#### Data records ####
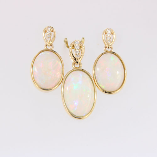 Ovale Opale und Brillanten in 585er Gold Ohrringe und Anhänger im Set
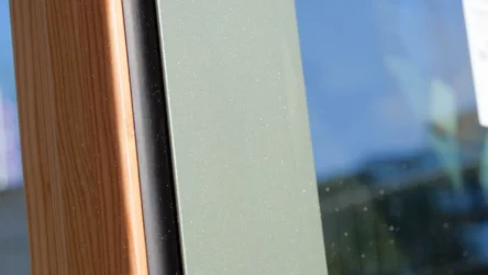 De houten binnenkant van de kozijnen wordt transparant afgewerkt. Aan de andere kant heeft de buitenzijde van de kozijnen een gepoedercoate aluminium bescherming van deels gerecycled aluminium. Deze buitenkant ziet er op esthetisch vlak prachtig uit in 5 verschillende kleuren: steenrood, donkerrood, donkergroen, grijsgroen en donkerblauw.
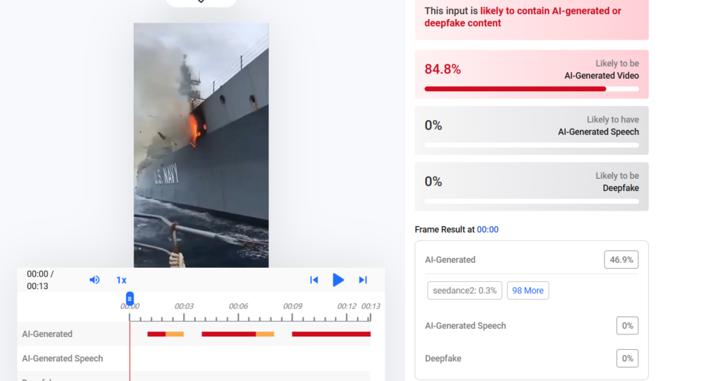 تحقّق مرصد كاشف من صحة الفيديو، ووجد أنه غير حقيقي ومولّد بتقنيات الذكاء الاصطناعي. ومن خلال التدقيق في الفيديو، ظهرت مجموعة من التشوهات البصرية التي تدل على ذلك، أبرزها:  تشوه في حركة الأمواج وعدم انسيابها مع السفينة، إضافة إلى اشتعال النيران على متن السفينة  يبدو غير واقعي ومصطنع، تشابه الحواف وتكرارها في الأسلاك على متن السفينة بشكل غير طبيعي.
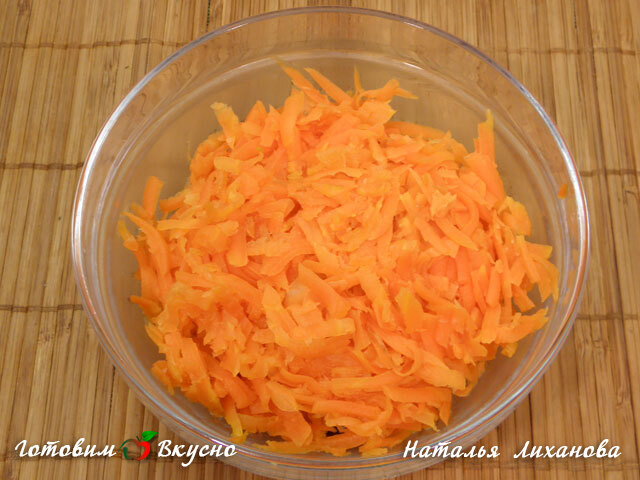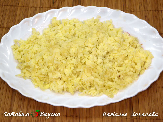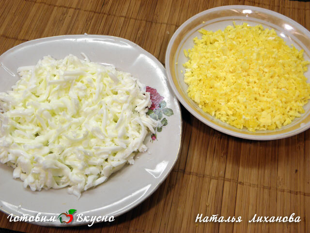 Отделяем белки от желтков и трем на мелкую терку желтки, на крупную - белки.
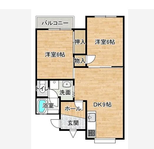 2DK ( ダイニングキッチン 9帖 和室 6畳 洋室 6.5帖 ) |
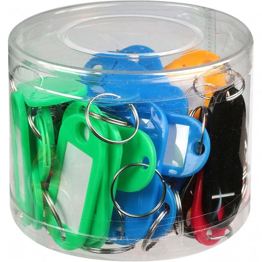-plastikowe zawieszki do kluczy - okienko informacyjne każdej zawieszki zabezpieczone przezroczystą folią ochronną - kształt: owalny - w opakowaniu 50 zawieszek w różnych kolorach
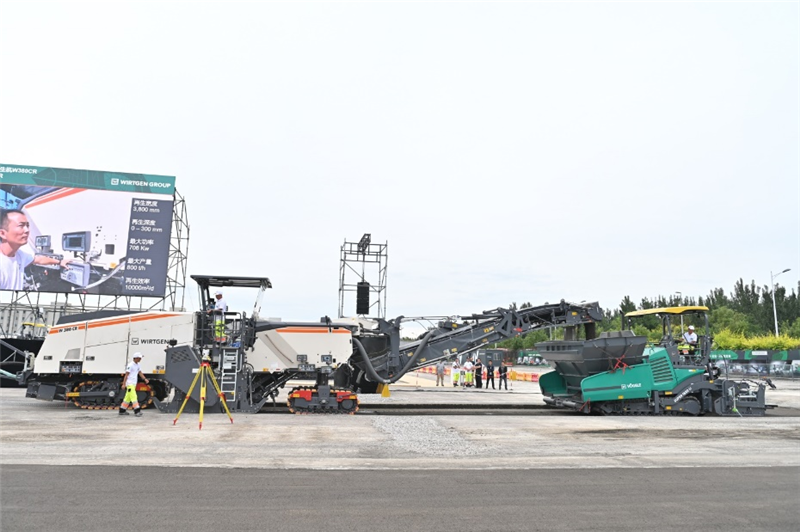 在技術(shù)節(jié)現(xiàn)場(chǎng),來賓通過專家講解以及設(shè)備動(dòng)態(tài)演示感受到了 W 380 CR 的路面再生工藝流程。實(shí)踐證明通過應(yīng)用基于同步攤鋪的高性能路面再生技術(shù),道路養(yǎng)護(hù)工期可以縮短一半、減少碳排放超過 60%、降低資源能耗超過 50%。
####
#### Data records ####
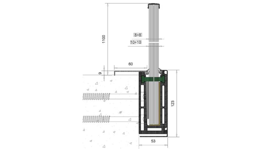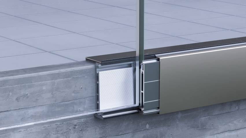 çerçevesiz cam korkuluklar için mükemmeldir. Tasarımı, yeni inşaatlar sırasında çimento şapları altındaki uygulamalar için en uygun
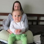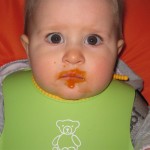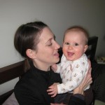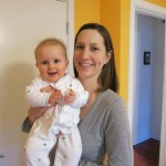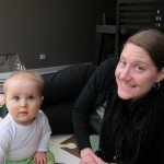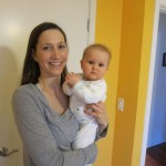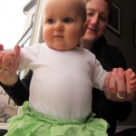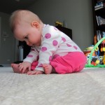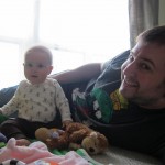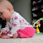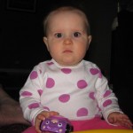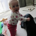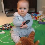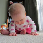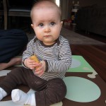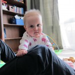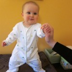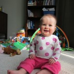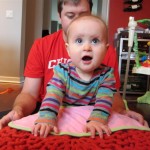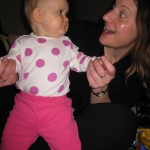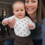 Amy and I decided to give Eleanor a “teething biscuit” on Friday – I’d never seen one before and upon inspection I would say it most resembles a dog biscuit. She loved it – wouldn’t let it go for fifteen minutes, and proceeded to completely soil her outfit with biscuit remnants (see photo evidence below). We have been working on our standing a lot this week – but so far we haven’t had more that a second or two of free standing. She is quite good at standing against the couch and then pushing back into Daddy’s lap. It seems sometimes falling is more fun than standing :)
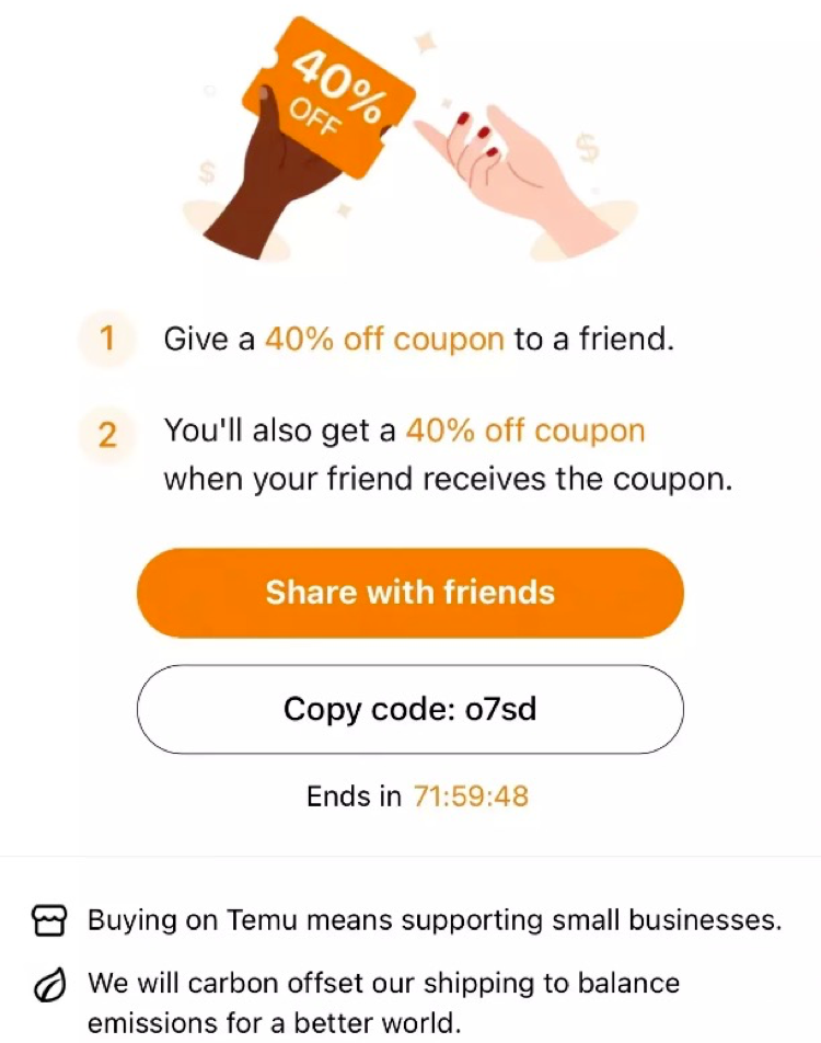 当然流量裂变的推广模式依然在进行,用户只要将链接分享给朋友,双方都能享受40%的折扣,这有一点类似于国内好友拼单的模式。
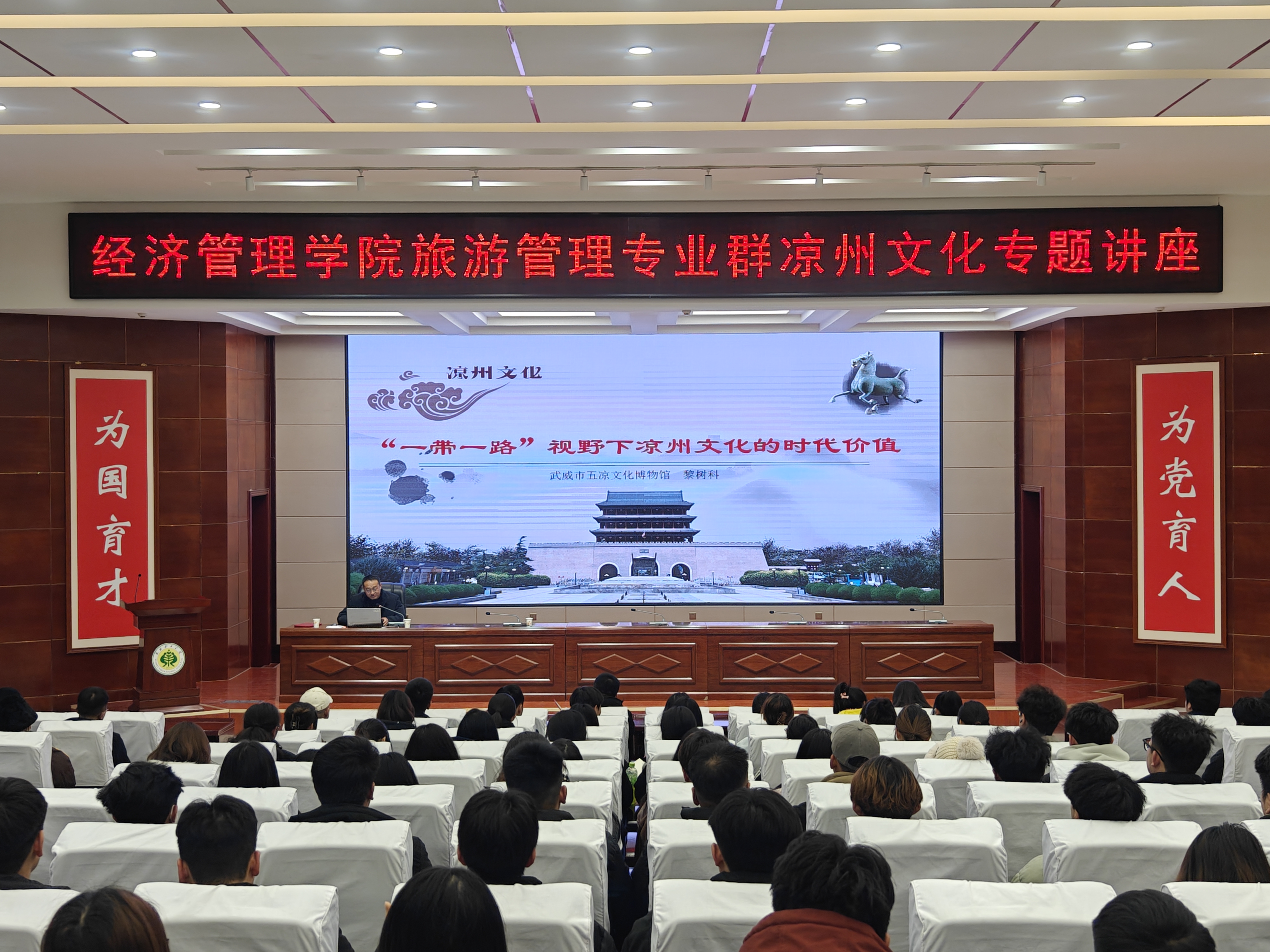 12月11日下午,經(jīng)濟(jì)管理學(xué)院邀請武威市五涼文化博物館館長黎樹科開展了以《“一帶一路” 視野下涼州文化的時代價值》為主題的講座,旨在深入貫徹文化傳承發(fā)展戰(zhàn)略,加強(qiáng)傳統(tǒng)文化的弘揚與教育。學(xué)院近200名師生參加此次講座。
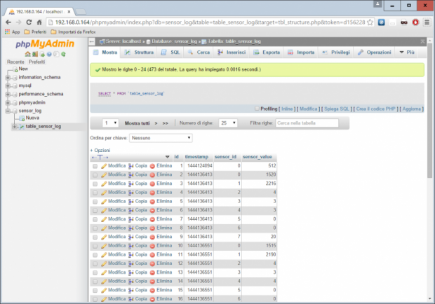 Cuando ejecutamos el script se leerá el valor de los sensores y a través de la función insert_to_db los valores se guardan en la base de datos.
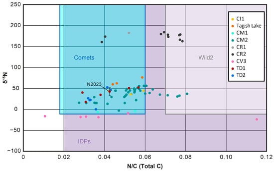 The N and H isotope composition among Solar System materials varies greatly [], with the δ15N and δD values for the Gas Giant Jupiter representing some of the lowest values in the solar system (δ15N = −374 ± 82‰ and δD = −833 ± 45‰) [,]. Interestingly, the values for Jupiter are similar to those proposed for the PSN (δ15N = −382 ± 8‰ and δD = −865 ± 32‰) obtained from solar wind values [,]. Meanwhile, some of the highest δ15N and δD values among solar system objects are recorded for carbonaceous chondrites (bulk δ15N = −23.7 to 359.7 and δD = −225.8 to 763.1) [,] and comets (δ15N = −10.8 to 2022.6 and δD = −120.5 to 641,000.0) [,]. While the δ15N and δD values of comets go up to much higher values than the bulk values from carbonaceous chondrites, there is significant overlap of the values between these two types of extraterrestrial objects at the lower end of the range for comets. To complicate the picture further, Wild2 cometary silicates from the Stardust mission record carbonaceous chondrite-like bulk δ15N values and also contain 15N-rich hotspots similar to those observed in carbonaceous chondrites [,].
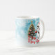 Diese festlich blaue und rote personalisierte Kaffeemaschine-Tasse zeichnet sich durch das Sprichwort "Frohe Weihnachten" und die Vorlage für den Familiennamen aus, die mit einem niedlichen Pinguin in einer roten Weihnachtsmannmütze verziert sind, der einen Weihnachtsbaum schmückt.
####
#### Data records ####
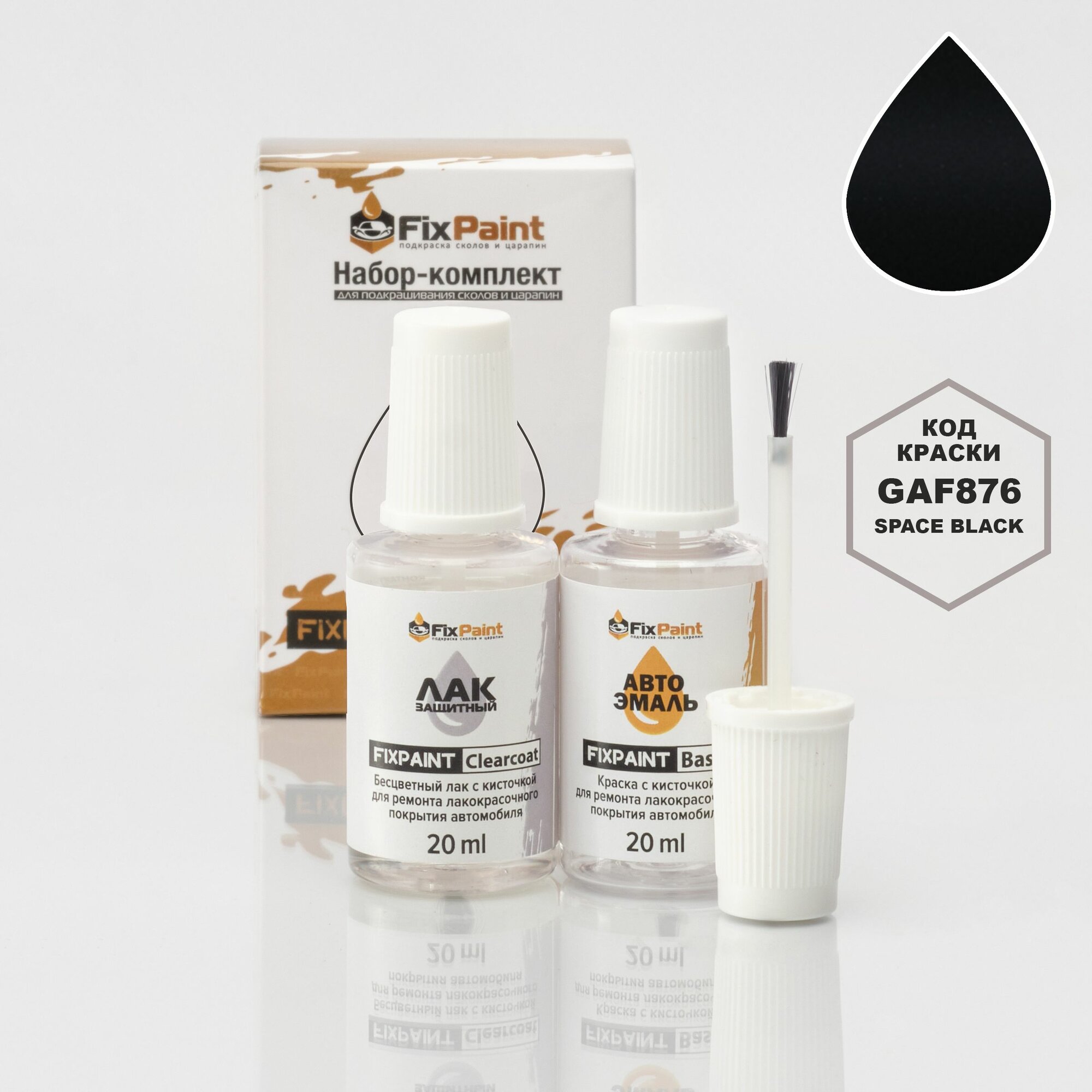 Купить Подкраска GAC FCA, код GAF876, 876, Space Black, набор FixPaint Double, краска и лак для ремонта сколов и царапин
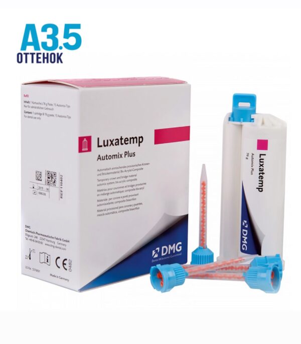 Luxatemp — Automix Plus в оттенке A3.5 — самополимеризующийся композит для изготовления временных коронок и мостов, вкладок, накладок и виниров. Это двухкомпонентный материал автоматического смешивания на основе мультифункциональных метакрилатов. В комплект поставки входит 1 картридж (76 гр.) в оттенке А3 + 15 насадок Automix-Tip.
####
• [Exercise] Give back the exact lines above, running from the one that has "Cuando ejecutamos el" through the one that has "The N and H", with nothing added and no pictures.

• [Solution]
 Cuando ejecutamos el script se leerá el valor de los sensores y a través de la función insert_to_db los valores se guardan en la base de datos.
 The N and H isotope composition among Solar System materials varies greatly [], with the δ15N and δD values for the Gas Giant Jupiter representing some of the lowest values in the solar system (δ15N = −374 ± 82‰ and δD = −833 ± 45‰) [,]. Interestingly, the values for Jupiter are similar to those proposed for the PSN (δ15N = −382 ± 8‰ and δD = −865 ± 32‰) obtained from solar wind values [,]. Meanwhile, some of the highest δ15N and δD values among solar system objects are recorded for carbonaceous chondrites (bulk δ15N = −23.7 to 359.7 and δD = −225.8 to 763.1) [,] and comets (δ15N = −10.8 to 2022.6 and δD = −120.5 to 641,000.0) [,]. While the δ15N and δD values of comets go up to much higher values than the bulk values from carbonaceous chondrites, there is significant overlap of the values between these two types of extraterrestrial objects at the lower end of the range for comets. To complicate the picture further, Wild2 cometary silicates from the Stardust mission record carbonaceous chondrite-like bulk δ15N values and also contain 15N-rich hotspots similar to those observed in carbonaceous chondrites [,].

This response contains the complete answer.